COLLECTED DATA
......

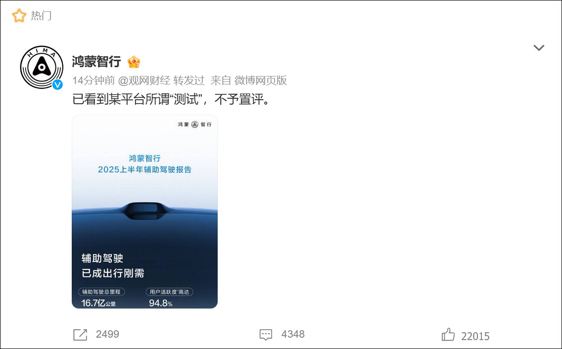懂車帝測試引爭議,鴻蒙智行用數據“回應”
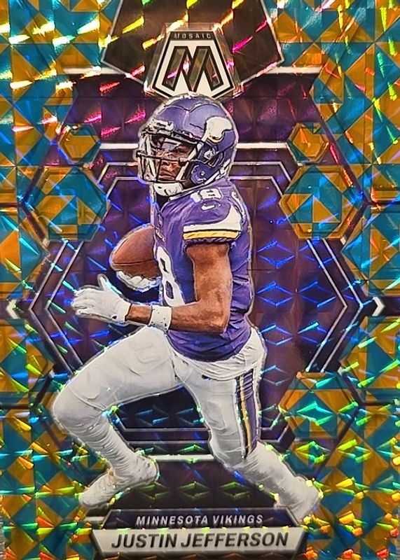 This card is 1 of 41 Justin Jefferson's card variations in the 2023 Mosaic set being tracked by Sports Card Investor, including Choice Red & Green, Green, No Huddle, Pink Camo, and Reactive Blue.
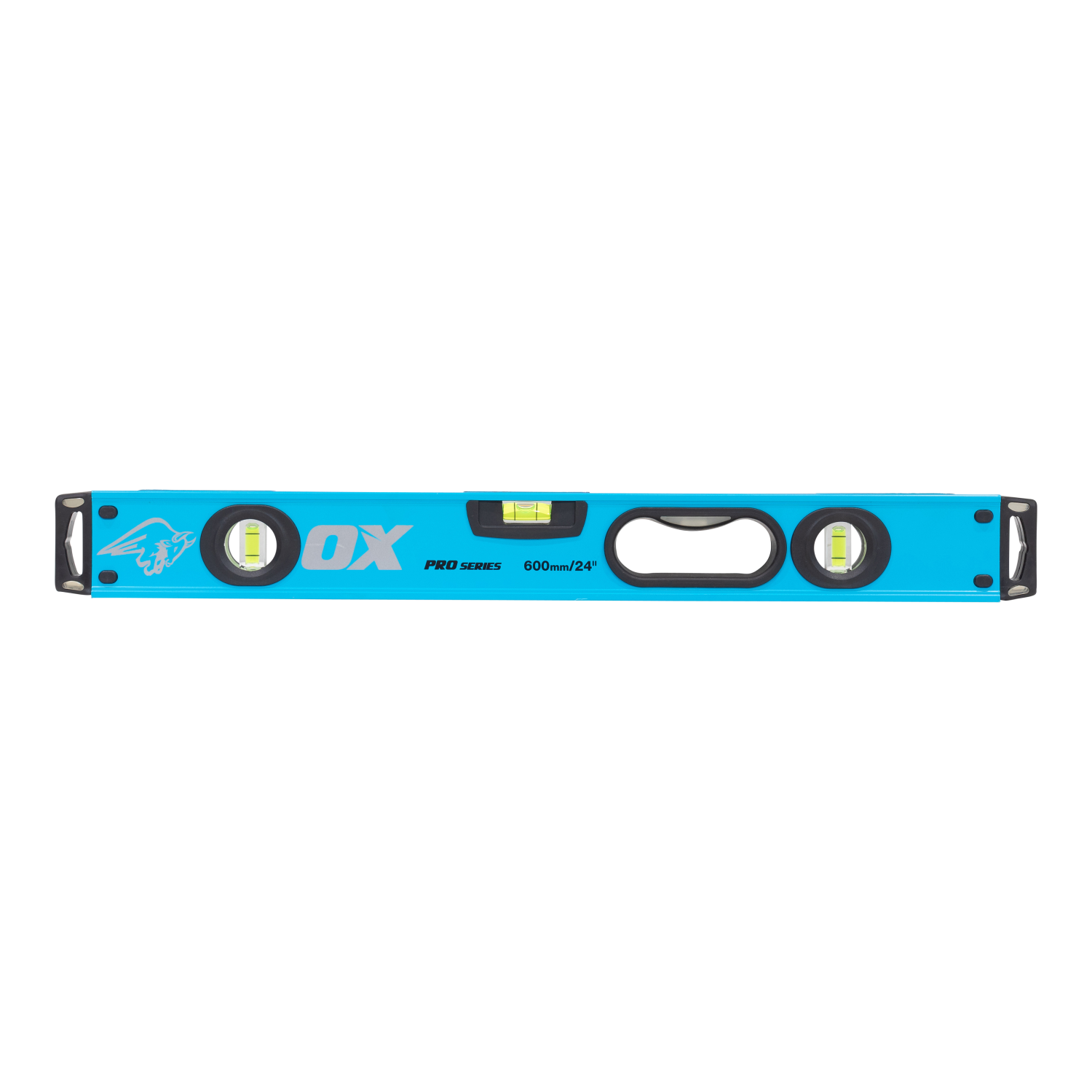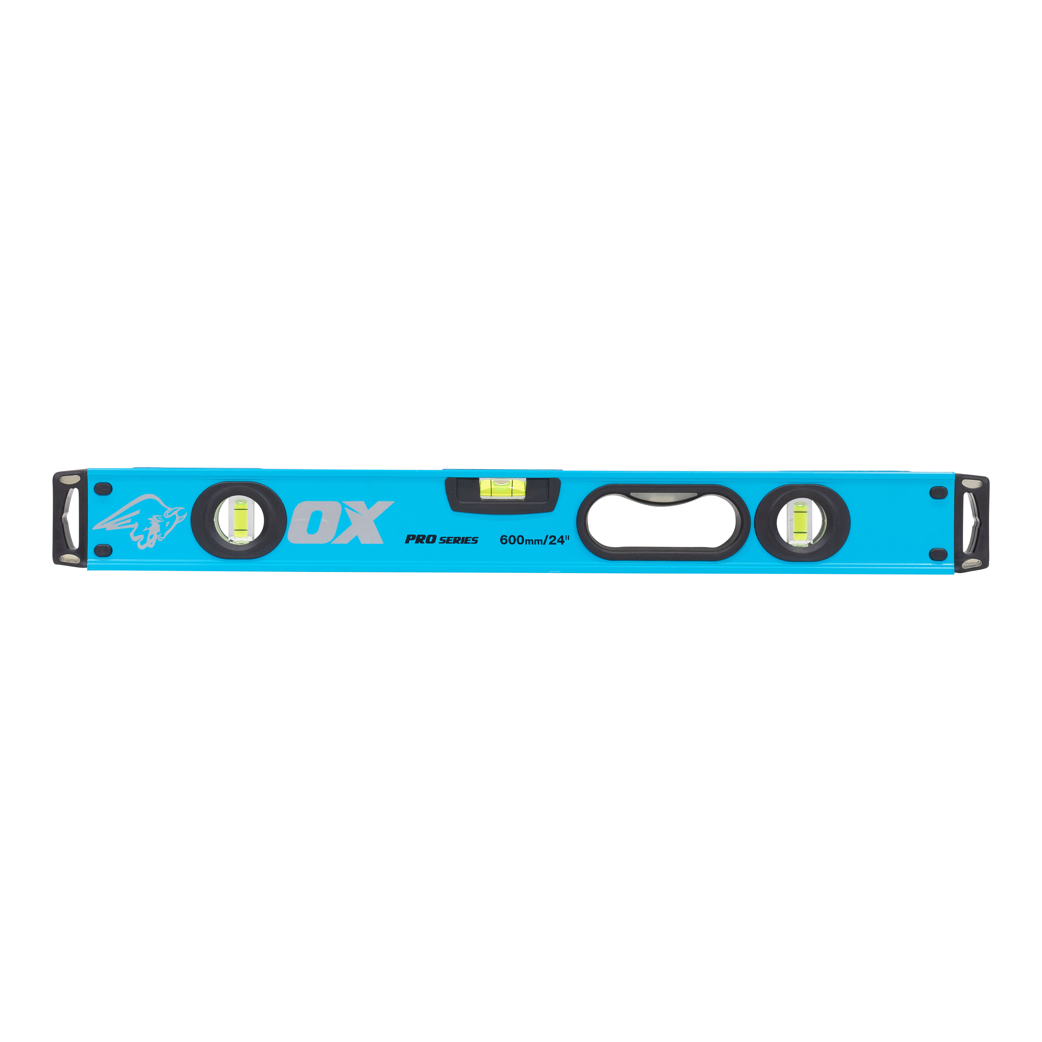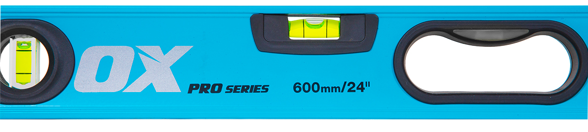 De ongelooflijk sterke OX Pro Waterpas is voorzien van unieke, zeer nauwkeurige, UV-bestendige en vergrote dubbele Easy View libellen. Het sterke aluminium profiel is aan de boven- en onderrand fijn gefreesd voor 100% precisie. Voorzien van gemakkelijk vast te houden siliconen handgrepen met luchtkussens en perfect gepositioneerde rubberen noppen voor krasbescherming bij het drukken tegen een muur en voor extra grip op het oppervlak. Schokbestendige eindkappen beschermen tegen vallen en stoten ter plaatse.
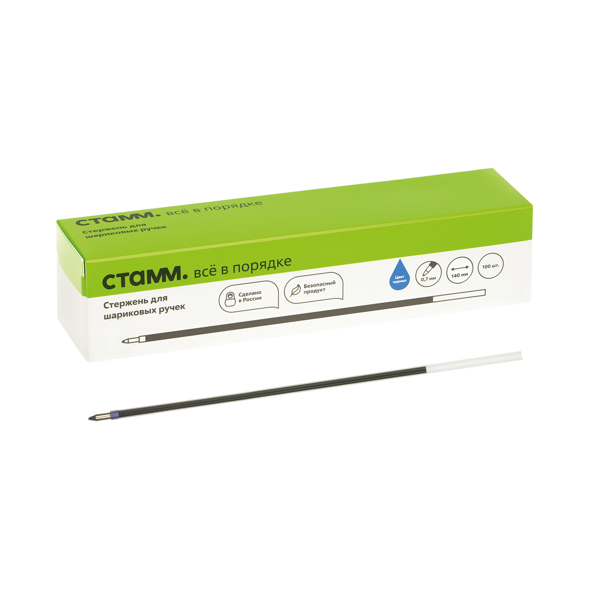 Стержень шариковый «СТАММ» предназначен для замены исписанного стержня шариковой ручки. Толщина линии – 0,5 мм, диаметр пишущего узла – 0,7 мм. Длина стержня – 140 мм. Синие чернила пониженной вязкости на масляной основе обеспечивают мягкое и плавное письмо, не текут и не мажутся. Износостойкий наконечник и большой запас чернил позволяют долго использовать ручку для ведения записей. Длина линии письма в два раза больше стандартной – 1 500 м. В картонной упаковке – сто стержней.

......

Exclude the images, then output the data above word for word.

ANSWER FOR THE TASK
懂車帝測試引爭議,鴻蒙智行用數據“回應”
 This card is 1 of 41 Justin Jefferson's card variations in the 2023 Mosaic set being tracked by Sports Card Investor, including Choice Red & Green, Green, No Huddle, Pink Camo, and Reactive Blue.
 De ongelooflijk sterke OX Pro Waterpas is voorzien van unieke, zeer nauwkeurige, UV-bestendige en vergrote dubbele Easy View libellen. Het sterke aluminium profiel is aan de boven- en onderrand fijn gefreesd voor 100% precisie. Voorzien van gemakkelijk vast te houden siliconen handgrepen met luchtkussens en perfect gepositioneerde rubberen noppen voor krasbescherming bij het drukken tegen een muur en voor extra grip op het oppervlak. Schokbestendige eindkappen beschermen tegen vallen en stoten ter plaatse.
 Стержень шариковый «СТАММ» предназначен для замены исписанного стержня шариковой ручки. Толщина линии – 0,5 мм, диаметр пишущего узла – 0,7 мм. Длина стержня – 140 мм. Синие чернила пониженной вязкости на масляной основе обеспечивают мягкое и плавное письмо, не текут и не мажутся. Износостойкий наконечник и большой запас чернил позволяют долго использовать ручку для ведения записей. Длина линии письма в два раза больше стандартной – 1 500 м. В картонной упаковке – сто стержней.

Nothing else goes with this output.